Introduction

The emergence of recombinant DNA as a tool to study medicine quickly promulgated the concept of cloned genes as therapeutics. As originally conceived, the concept of gene therapy was simply to introduce a wild-type copy of a deficient gene into cells to restore function in trans (1-4). Viewed in this way, the technical challenge was to efficiently deliver the gene to the appropriate cell and have it expressed for sufficient time, or readminister as often as needed, for the therapeutic application. Adenovirus (Ad) gene transfer vectors offer one strategy to achieve this. The focus on Ad for gene transfer was based on basic research establishing the biology of Ad, and the knowledge that Ad efficiently delivers the viral genome to the target cells. Importantly, Ad are not oncogenic in humans, the genomes of common Ad are completely defined, the Ad genome can be easily modified, and recombinant Ad can be readily produced in large quantities and highly concentrated without modifying the ability of the virus to infect cells.

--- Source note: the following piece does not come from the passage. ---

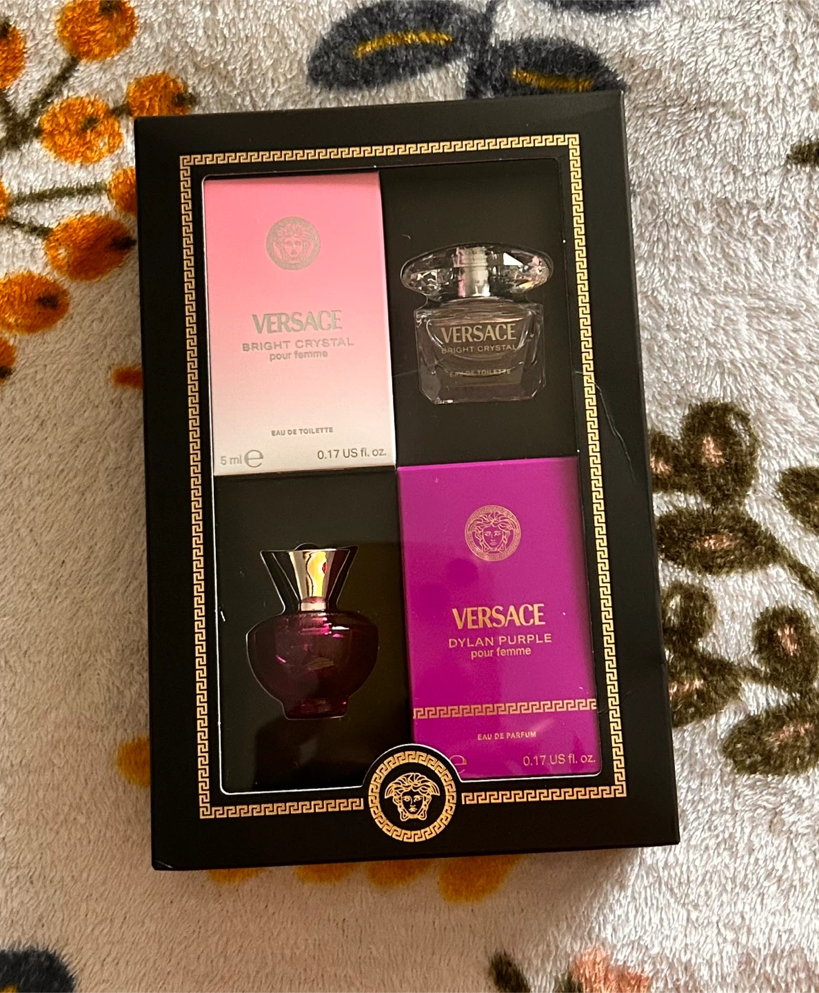 Selling a Versace perfume set that includes Bright Crystal Eau de Toilette (5 ml) and Dylan Purple Eau de Parfum (5 ml). Comes in the original box, perfect for gifting or travel.

In retrospect, the original goal of using Ad as simple delivery systems to permanently complement genetic defects seems naive. Whereas Ad gene transfer vectors can achieve robust expression of the transgene in many target organs, expression of the transgene is limited in time, resulting from a complex combination of innate and adaptive immune host defenses against the virus (5,6). In this context, Ad vectors in their present form are most useful in applications where transient (days to weeks) expression is sufficient to have the desired therapeutic effect. For applications where persistent expression is required to achieve a therapeutic goal, there are still many challenges before and if Ad vectors will be successful. In this chapter, we summarize the biology of Ad, the construction and use of first-generation Ad vectors, the current status of advanced forms of Ad vectors, clinical applications of Ad vectors, and the future prospects of using Ad in gene transfer applications.